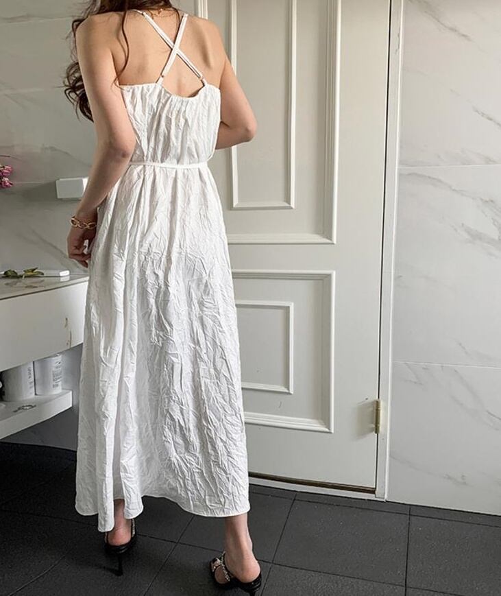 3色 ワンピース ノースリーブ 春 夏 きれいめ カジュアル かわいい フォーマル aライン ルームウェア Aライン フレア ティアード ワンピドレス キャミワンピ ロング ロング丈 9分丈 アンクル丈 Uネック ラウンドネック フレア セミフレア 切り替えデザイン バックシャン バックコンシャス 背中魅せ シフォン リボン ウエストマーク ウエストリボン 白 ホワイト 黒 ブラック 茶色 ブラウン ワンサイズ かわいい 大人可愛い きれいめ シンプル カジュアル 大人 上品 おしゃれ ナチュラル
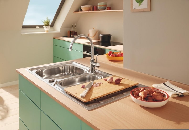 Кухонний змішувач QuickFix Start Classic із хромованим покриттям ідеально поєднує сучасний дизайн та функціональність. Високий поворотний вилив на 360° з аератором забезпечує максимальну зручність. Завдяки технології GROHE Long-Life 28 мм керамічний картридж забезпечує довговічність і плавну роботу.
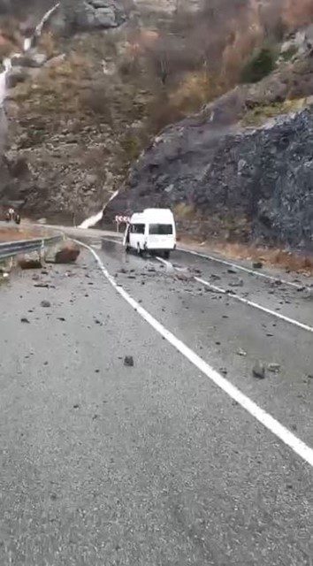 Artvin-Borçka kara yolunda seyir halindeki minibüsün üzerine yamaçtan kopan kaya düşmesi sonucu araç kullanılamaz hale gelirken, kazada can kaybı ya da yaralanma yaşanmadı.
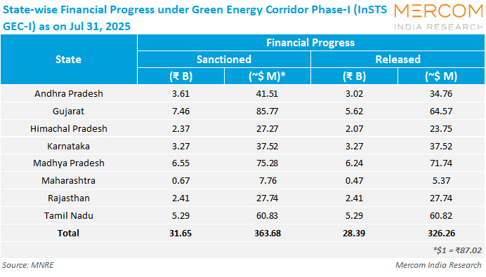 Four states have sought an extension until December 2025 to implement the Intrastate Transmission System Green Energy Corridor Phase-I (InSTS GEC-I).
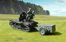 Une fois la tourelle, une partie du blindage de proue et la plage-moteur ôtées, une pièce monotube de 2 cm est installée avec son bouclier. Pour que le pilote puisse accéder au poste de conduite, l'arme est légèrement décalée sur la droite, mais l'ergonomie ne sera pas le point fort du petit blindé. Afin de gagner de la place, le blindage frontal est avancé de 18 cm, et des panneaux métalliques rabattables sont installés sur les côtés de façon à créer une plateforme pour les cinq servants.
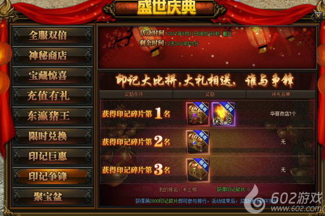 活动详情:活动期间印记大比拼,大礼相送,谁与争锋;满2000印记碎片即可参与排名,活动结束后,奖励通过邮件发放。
==
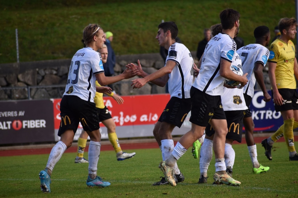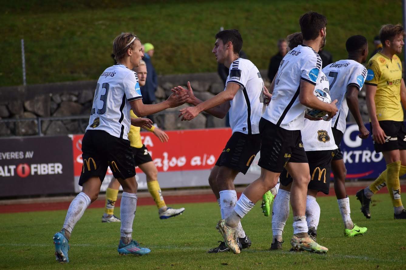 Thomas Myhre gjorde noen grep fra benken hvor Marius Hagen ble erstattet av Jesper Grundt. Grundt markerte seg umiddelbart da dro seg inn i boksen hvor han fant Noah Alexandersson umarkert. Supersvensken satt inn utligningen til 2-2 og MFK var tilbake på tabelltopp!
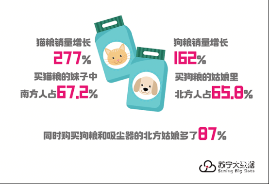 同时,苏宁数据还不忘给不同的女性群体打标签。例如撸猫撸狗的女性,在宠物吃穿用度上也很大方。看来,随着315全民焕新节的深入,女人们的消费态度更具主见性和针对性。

### WHAT TO PRODUCE
Return exactly the lines above, from the one with "Four states have" up to and including the one with "活动详情:活动期间印记大比拼", and include no pictures.

### REPLY TO THE TASK
 Four states have sought an extension until December 2025 to implement the Intrastate Transmission System Green Energy Corridor Phase-I (InSTS GEC-I).
 Une fois la tourelle, une partie du blindage de proue et la plage-moteur ôtées, une pièce monotube de 2 cm est installée avec son bouclier. Pour que le pilote puisse accéder au poste de conduite, l'arme est légèrement décalée sur la droite, mais l'ergonomie ne sera pas le point fort du petit blindé. Afin de gagner de la place, le blindage frontal est avancé de 18 cm, et des panneaux métalliques rabattables sont installés sur les côtés de façon à créer une plateforme pour les cinq servants.
 活动详情:活动期间印记大比拼,大礼相送,谁与争锋;满2000印记碎片即可参与排名,活动结束后,奖励通过邮件发放。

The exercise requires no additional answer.